Khalid had agreed to help her get a stolen passport to terror suspects overseas, and frequently translated jihadist propaganda into English before reposting it, the government said in a sentencing memo.
"He appeared to be a polite and studious 15-year-old whose parents moved to the United States from Pakistan to give him a better life. However, in the anonymous world of online communications, Khalid was ... translating extremist online postings and organizing a terrorist cell," Assistant U.S. Attorney Jennifer Arbittier Williams said in the memo filed last week.
Their online contacts were affiliated with the al-Qaeda in the Islamic Maghreb, an al-Qaida offshoot, the government said.

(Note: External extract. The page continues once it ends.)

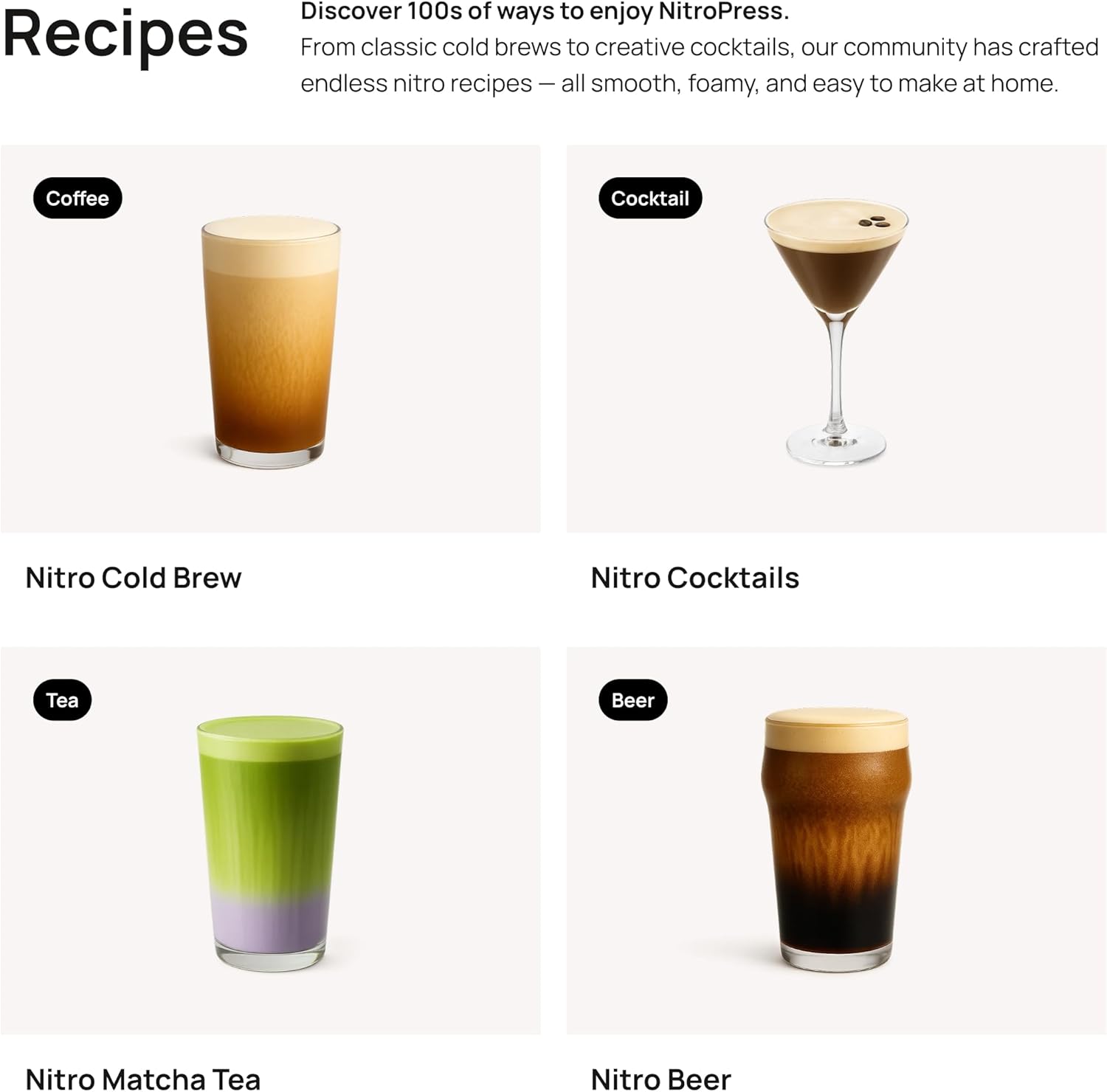 - ✔️ MAKE YOUR OWN NITRO COLD BREW COFFEE AT HOME with premium nitrogen cartridges for nitro coffee. Enjoy your favourite rich and creamy cold brew coffee without leaving your home with our N2 instant charger set.

Khalid's attorney, Jeffrey Lindy, called Khalid an inquisitive adolescent who experimented with "different belief structures," while acknowledging that what he did was wrong. However, he faults the government for not placing Khalid three years ago in a secure juvenile facility where he would have gotten mental health treatment. Instead, he has been in an adult prison since turning 18.
"If they're concerned about (him), they have nobody to blame but themselves," Lindy said.
Authorities fear that both Khalid and LaRose remain vulnerable to persuasion. They had asked that LaRose be put away for decades.
"(Even) while cooperating so diligently with the government, Khalid seemed still to take pleasure and even pride recounting his glory days as a jihadi. ... At times, his demeanor indicated that he still may feel a begrudging pride in all he was able to accomplish despite his young age," Williams wrote. "The government has concerns about whether he might be re-radicalized."
They acknowledge that Khalid has helped with global terrorism investigations since his arrest, including the indictment of co-defendant Ali Charaf Damache, an Algerian who remains jailed in Ireland, fighting extradition. They have asked for a lengthy sentence, but, given his plea and cooperation, less than the 15-year maximum for aiding and abetting terrorism.
The memo reveals that Khalid continued aiding his contacts even after the FBI tried to intervene in the spring of 2010. Khalid, who had earned a scholarship to Johns Hopkins University before his senior year arrest, "simply obtained a new computer, hacked into someone else's internet connection, and started up his jihadi activity once again," the government memo said.
Another woman involved in the case, Jamie Paulin-Ramirez of Colorado, is expected to be sentenced on Wednesday. Briefly married to Damache in Ireland, she also faces a 15-year maximum sentence.